In the records below, find the line with "남아용 바지 여름 신상" and the line with "Około 30 proc.". Print both exactly, along with every line between them, and no other line.
___ Data provided
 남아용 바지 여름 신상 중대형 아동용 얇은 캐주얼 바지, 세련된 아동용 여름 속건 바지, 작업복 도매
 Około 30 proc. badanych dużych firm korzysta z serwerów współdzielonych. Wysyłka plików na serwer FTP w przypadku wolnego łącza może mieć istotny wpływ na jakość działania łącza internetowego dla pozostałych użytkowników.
______
___ Data provided
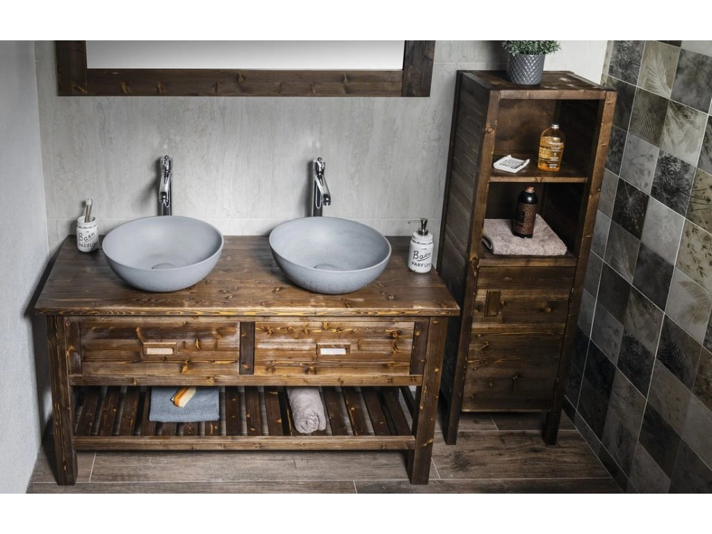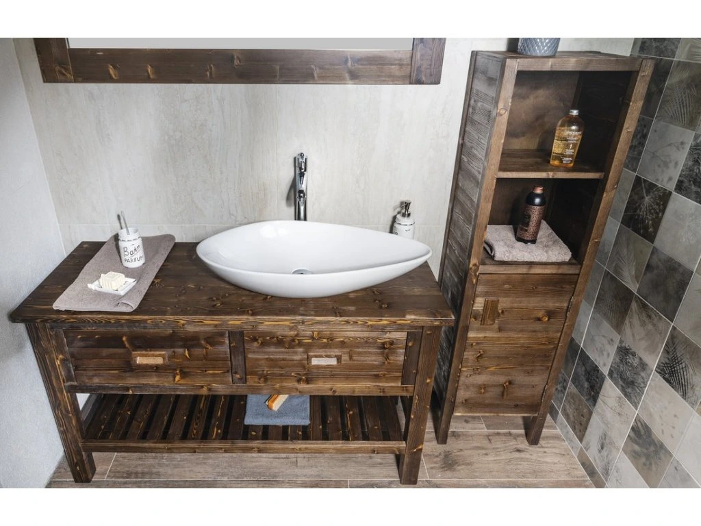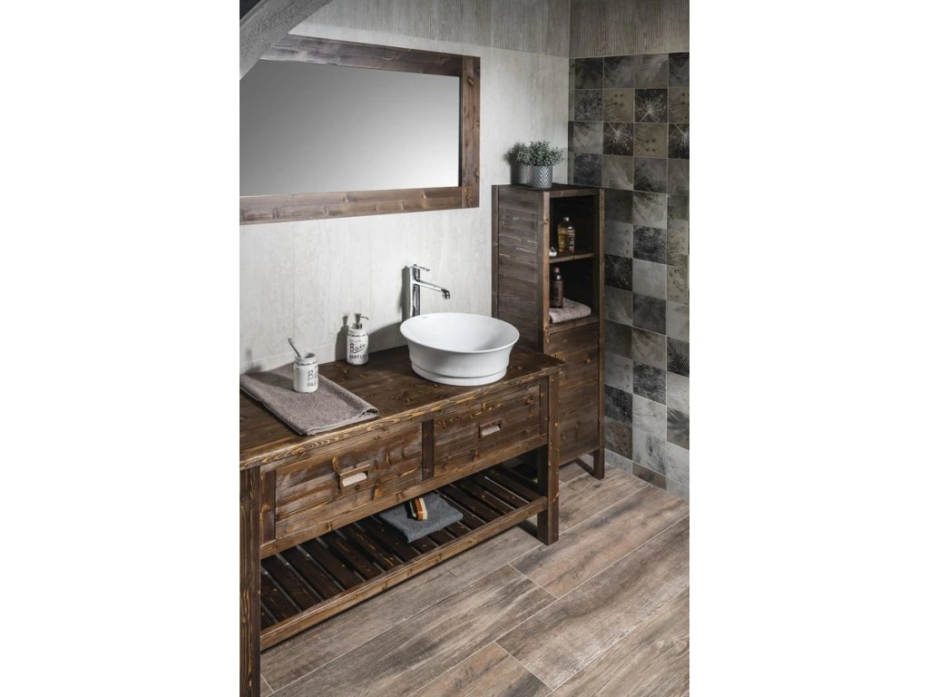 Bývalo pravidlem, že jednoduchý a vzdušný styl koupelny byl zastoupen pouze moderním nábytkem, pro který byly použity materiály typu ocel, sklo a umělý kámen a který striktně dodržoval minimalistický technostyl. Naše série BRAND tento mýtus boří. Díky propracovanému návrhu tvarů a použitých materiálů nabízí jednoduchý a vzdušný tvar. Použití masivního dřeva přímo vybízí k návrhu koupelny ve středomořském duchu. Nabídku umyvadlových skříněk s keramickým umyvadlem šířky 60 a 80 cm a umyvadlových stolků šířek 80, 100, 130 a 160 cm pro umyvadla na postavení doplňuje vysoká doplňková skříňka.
______
___ Data provided
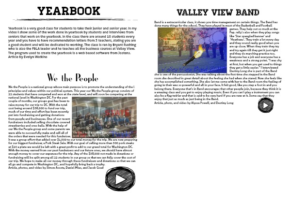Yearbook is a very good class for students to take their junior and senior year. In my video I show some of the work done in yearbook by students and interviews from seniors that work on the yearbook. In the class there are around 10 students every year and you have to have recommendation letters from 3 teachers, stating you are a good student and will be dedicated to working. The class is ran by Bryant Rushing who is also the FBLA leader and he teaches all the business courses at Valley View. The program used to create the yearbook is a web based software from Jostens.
______
▶ _Exercise answer_
 남아용 바지 여름 신상 중대형 아동용 얇은 캐주얼 바지, 세련된 아동용 여름 속건 바지, 작업복 도매
 Około 30 proc. badanych dużych firm korzysta z serwerów współdzielonych. Wysyłka plików na serwer FTP w przypadku wolnego łącza może mieć istotny wpływ na jakość działania łącza internetowego dla pozostałych użytkowników.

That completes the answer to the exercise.